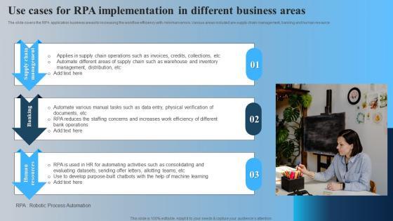 The slide covers the RPA application business areas for increasing the workflow efficiency with minimum errors. Various areas included are supply chain management, banking and human resource Showcasing this set of slides titled Use Cases For RPA Implementation In Different Business Areas Professional Pdf The topics addressed in these templates are Supply Chain Management, Banking, Human Resources All the content presented in this PPT design is completely editable. Download it and make adjustments in color, background, font etc. as per your unique business setting. The slide covers the RPA application business areas for increasing the workflow efficiency with minimum errors. Various areas included are supply chain management, banking and human resource
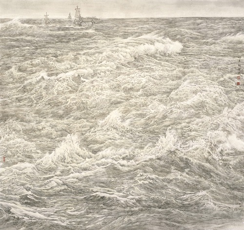 毋庸置疑,这些反映时代最强音、展现人民奋斗精神、表现海洋画派画家高尚情操的优秀海洋画作品,铿锵有力地写就了海洋画派艺术家们胸中有大义、心里有人民、肩头有责任、笔下有乾坤的家国情怀,筑起了一座座中国海洋画艺术高峰。
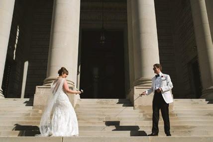 The couple poses on their wedding day in 2016.

• _YOUR TASK_
Copy exactly the lines from the line holding "毋庸置疑,这些反映时代最强音" to the final line of the listing, and leave the pictures out.

• _SOLUTION TO THIS EXERCISE_
 毋庸置疑,这些反映时代最强音、展现人民奋斗精神、表现海洋画派画家高尚情操的优秀海洋画作品,铿锵有力地写就了海洋画派艺术家们胸中有大义、心里有人民、肩头有责任、笔下有乾坤的家国情怀,筑起了一座座中国海洋画艺术高峰。
 The couple poses on their wedding day in 2016.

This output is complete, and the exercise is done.